The hepatic tumours found in these patients generally tend to have a more benign course, with normal α‐fetoprotein levels and spontaneous tumour regression on cessation of steroids. Socas et al6 reported two cases of androgen‐induced hepatocellular adenomas detected on ultrasound studies, both of which showed tumour regression on withdrawal of steroids.

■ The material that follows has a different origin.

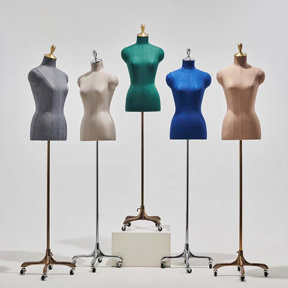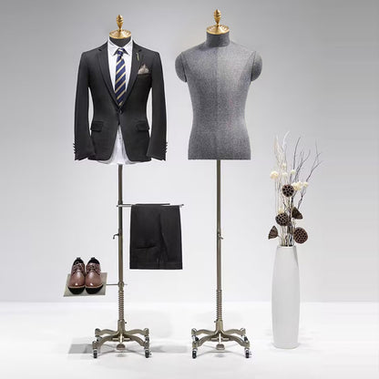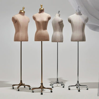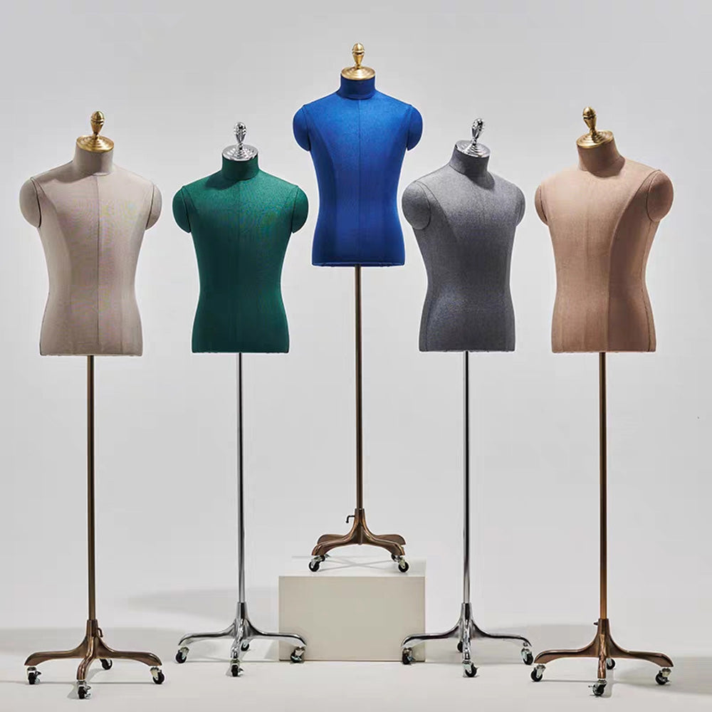 Enhance your boutique’s visual appeal with the JELIMATE high end half body linen covered mannequin, available in both male and female options. Each mannequin is meticulously wrapped in premium linen fabric for a textured, natural look that complements any store aesthetic. Supported by a sleek gold wheeled base , this mannequin is both stylish and functional, easily moved to refresh displays throughout your store. Ideal for showcasing apparel, accessories, or complete outfits, this display mannequin creates eye-catching arrangements that draw attention to your featured items. Perfect for in-store displays and captivating window presentations, JELIMATE male female half body mannequins add sophistication to every corner of your boutique.It also can use it to display your products in a window, on a counter, on a display shelf, on the exhibition ,on the exhibition trade fair or on the floor, Ideal for sweaters, T-shirts, jackets, suits, blouses,pants,trousers,clothing accessories, tops and bottoms .

Spontaneous bleeding from rupture of hepatic tumours can be catastrophic without surgical intervention.7 Bagia et al8 reported a case of spontaneous haemorrhage of hepatic adenomas in a bodybuilder in whom the tumours did not regress despite abstinence from steroids for 18 months. A high index of suspicion with a low threshold for a CT is paramount for an early diagnosis. Selective embolisation of the hepatic artery in the acute stage is an effective strategy in the control of haemorrhage. Hepatic adenomas are seldom associated with mortality on their own, with one death reported because of rupture of a hepatic tumour.9 Treatment should also include cessation of any steroids because tumours may regress, although this may not be applicable in all patients. Our patient's presumed ruptured adenoma was aggravated by his anticoagulation therapy for familial thrombophilia.

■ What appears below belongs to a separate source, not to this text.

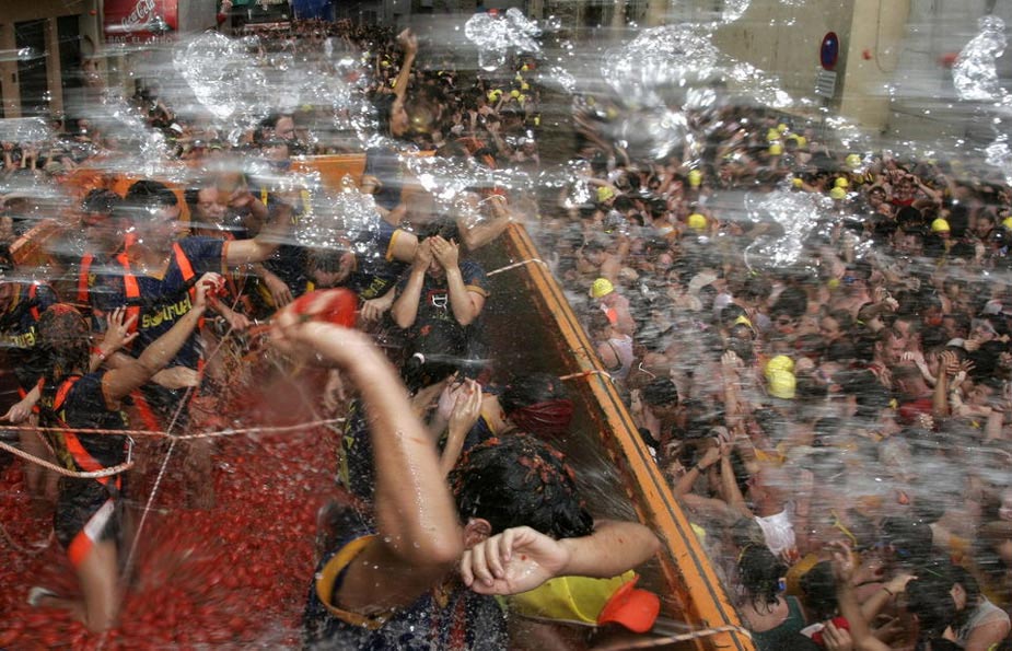 8月26日,西班牙东南部小镇Bunol当日迎来传统的西红柿节。大约4万名狂欢者在1小时内扔掉了11万公斤西红柿。来源:中国新闻网

The present case highlights one of the problems of AAS misuse and its associated life‐threatening complication. In the current world scenario of increasing competitiveness and demands to perform, the trend of AAS use is likely to increase. A recent survey by a drug charity DrugScope, in the UK, found that anabolic steroids were moving into the mainstream drugs market (DrugScope, press release, 13 September 2006). Patients with the physique of bodybuilders and a history of steroid use presenting with an acute abdomen might have underlying hepatic involvement. If a patient presents in a shocked state, a ruptured hepatic adenoma should be considered. Asymptomatic individuals with a history of AAS use could also be considered for screening for hepatic adenomas.
Individuals considering the use of AAS need to be warned of the long‐term risk of the development of hepatic adenomas.
AAS - anabolic androgenic steroids
Competing interests: None declared.
Informed consent was obtained for publication of the person's details in this report.